To address the dual challenges of insufficient privacy guarantees and high-dimensional communication overhead in Bayesian network structure learning (BNSL) under decentralized data, this paper proposes Fed-Sparse-BNSL—a novel federated learning framework integrating differential privacy, sparse gradient updates, and linear Gaussian modeling. Clients perform local sparse greedy search and upload only Laplace-noised sparse gradients, substantially reducing communication load and improving privacy budget efficiency. We theoretically establish that the learned structure remains identifiable under strong (ε,δ)-differential privacy. Experiments on synthetic and real-world datasets demonstrate that Fed-Sparse-BNSL achieves structural recovery accuracy close to non-private baselines, reduces total communication volume by up to 62%, and enhances privacy protection strength by an order of magnitude.

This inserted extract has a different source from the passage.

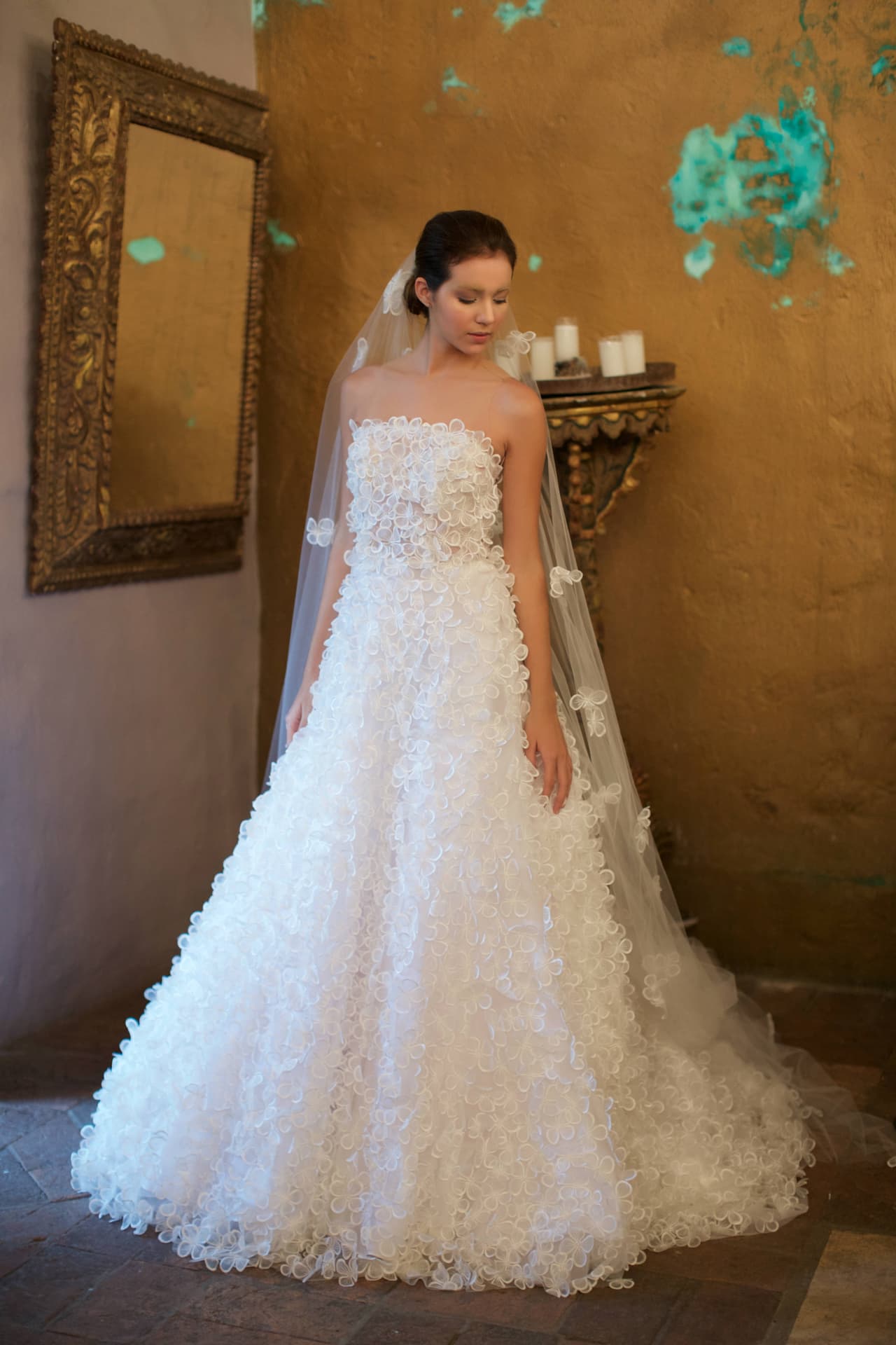 “Esta colección tiene vestidos que si una mujer lleva un velo, por ejemplo, sabes que es la novia, pero si no, eres una invitada más, y lo he hecho así pensando en que las mujeres quieren volver a usar su vestido y no dejarlo guardado en una caja”.
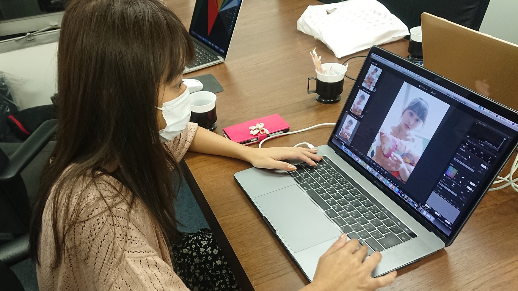 普段、恥ずかしがってあまり人前では見せようとしない??真剣な表情で、1枚1枚丁寧に撮影データをチェックしていました。

Learning the structure of a Bayesian network from decentralized data poses two major challenges: (i) ensuring rigorous privacy guarantees for participants, and (ii) avoiding communication costs that scale poorly with dimensionality. In this work, we introduce Fed-Sparse-BNSL, a novel federated method for learning linear Gaussian Bayesian network structures that addresses both challenges. By combining differential privacy with greedy updates that target only a few relevant edges per participant, Fed-Sparse-BNSL efficiently uses the privacy budget while keeping communication costs low. Our careful algorithmic design preserves model identifiability and enables accurate structure estimation. Experiments on synthetic and real datasets demonstrate that Fed-Sparse-BNSL achieves utility close to non-private baselines while offering substantially stronger privacy and communication efficiency.